The JSE All Property Index closed at 8 569 last night.
While civil contractor confidence was slightly lower during Q2 2024 when compared to Q1 2024, activity growth remained well supported according to the latest FNB/BER Civil Confidence Index. Projects relating to renewable energy have continued to sustain civil construction activity with a possible shift from predominantly solar projects to wind projects.
Growthpoint has noted that sentiment in the office sector is improving, with investors showing increased interest in purchasing office assets. During the nine months to March 2024, the REIT let 148 220m2 of office space and renewed 100 046m2, reducing its office vacancies from 19.2% during FY23 to 15.6%. Rent reversions improved from -20.10% to -14.70% (HY24: -15.8%) with its renewal success rate decreasing from 60.40% to 56.60%. Its vacancies in KZN currently stand at 672m2 (0.7%), the Western Cape 7.7%, with an improvement in its Gauteng portfolio from 24.10% to 19.2%. Of the 284 office deals signed during the period, its biggest was a 9 800m2 call centre in Sandton.
Global real estate and investment manager, AEW, says it's a prime time for European CBD office assets, but not so much for non-CBDs with its more than twice higher vacancy rates (10%) compared to CBD locations (4%). It has also noticed an increase in landlords offering incentives to tenants on signature of leases in non-CBD locations.

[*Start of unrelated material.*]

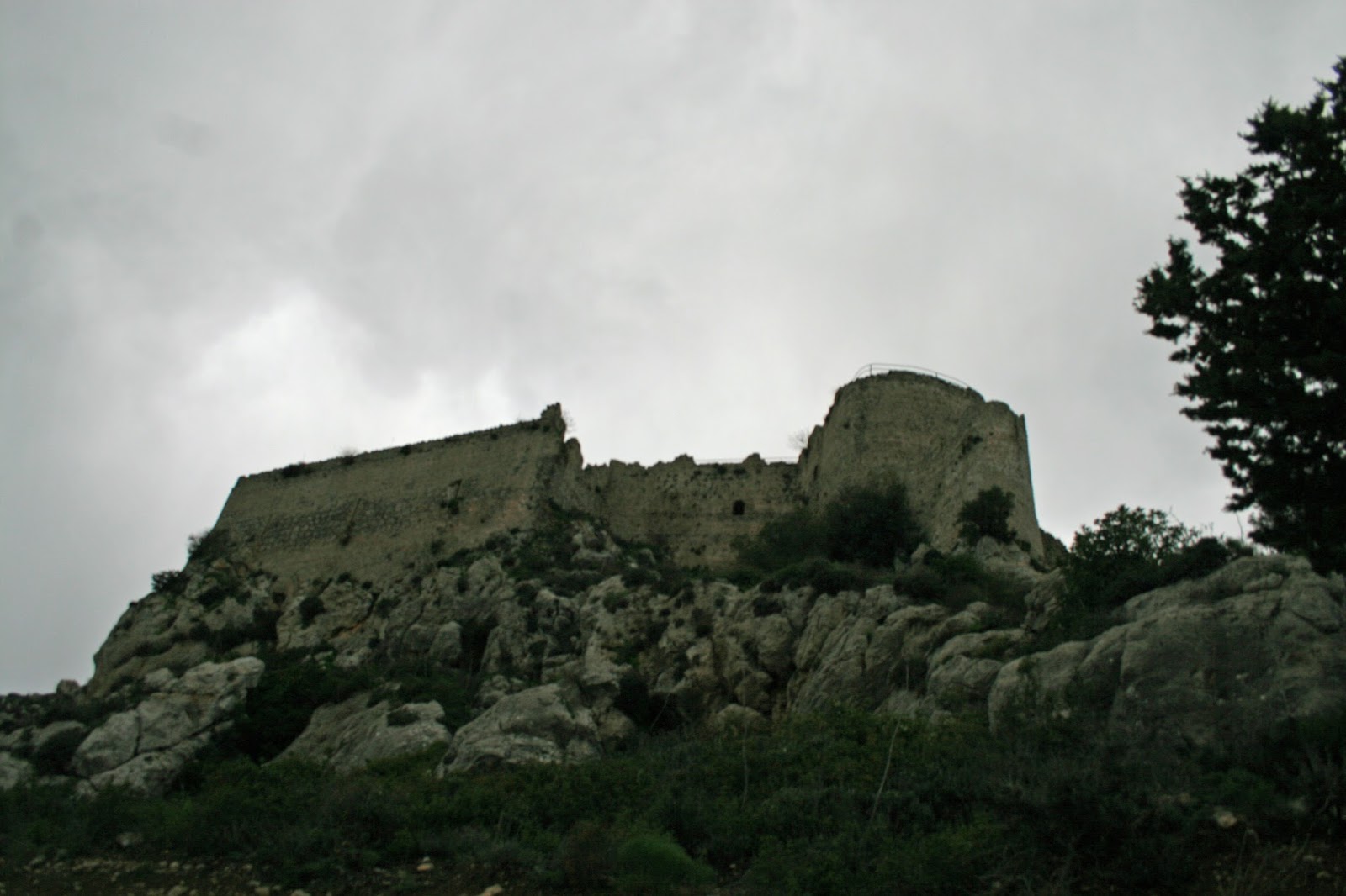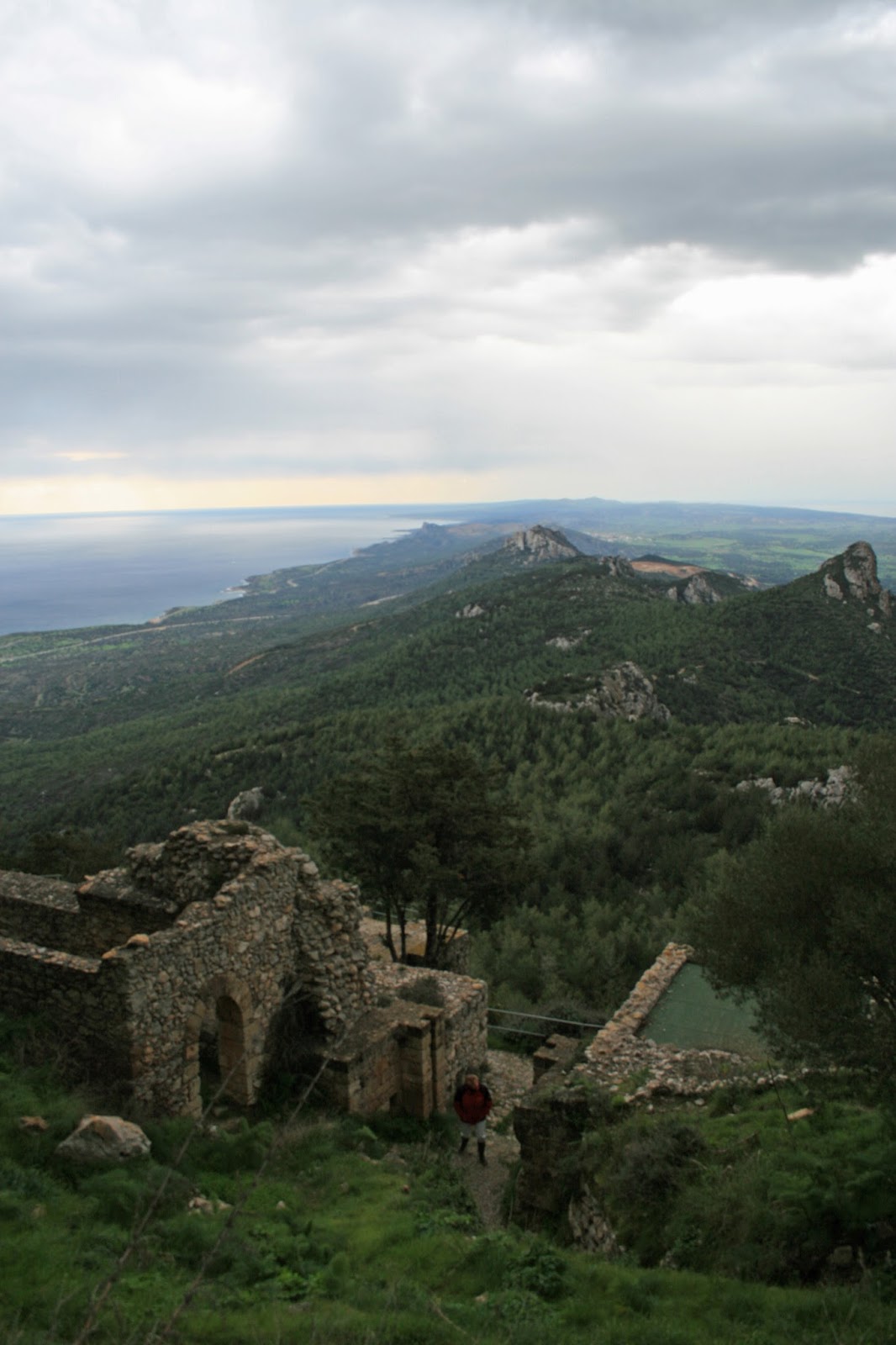 Kantara is located on the tip of a long, narrow ridge as the Kyrenia mountain range comes to an abrupt end overlooking the plain of Karpas. It sits 630 meters (2,067 feet) above the Mediterranean.

Hyprop Investments has hinted at the potential disposal of its entire sub-Saharan African portfolio outside of SA. In its pre-close operational update for the five months ended May 2024, the REIT noted that the conditions precedent for the sale of 50% of its Ikeja City Mall in Nigeria have not been fulfilled by the longstop date but that it has signed a letter of intent with another party for the sale of its entire SSA portfolio which comprises Ikeja City Mall in Nigeria; Kumasi City Mall, West Hills Mall and Accra Mall in Ghana.
The City of Cape Town has secured R3.5bn in financing from Nedbank towards its infrastructure investment pipeline over the next three years. The municipality plans to spend R39.5bn between July 2024 and June 2027, SA’s largest ever three-year infrastructure spend by a metro municipality. Its ten-year infrastructure investment pipeline is valued at approximately R120bn.
The average age of SA’s first-time homebuyer has increased by three years, over the last decade, to 36 years old, according to the latest data from ooba Home Loans with the volume of home loan applications from first-time homebuyers having declined from a peak of 56% of all applications in June 2020 to 46% in May 2024.
PPC’s Zimbabwean operation primarily drove its 20.6% increase in revenue for FY2024 to R10 058m (FY2023: R8 339m). The Group’s trading profit increased by R502m to R619m. Of the R502m, R395m was attributable to Zimbabwe. Group cost of sales increased by 16.3% to R8 409m (FY2023: R7 231m) all of which is attributable to Zimbabwe with its SA and Botswana’s cost of sales declining marginally by 1.3% (R73 million).
WeWork Global has emerged from bankruptcy (Chapter 11) and appointed a new CEO – John Santora, former Tri-State Chairman at Cushman & Wakefield. While WeWork South Africa is 100% independently owned and operates separately from WeWork in the US and Canada, its strengthened capital structure and optimised real estate portfolio will benefit the entire ecosystem, says Stefano Migliore, CEO of WeWork South Africa. “Through this process, WeWork Global has achieved extraordinary outcomes by completing a historically large and complex restructuring.”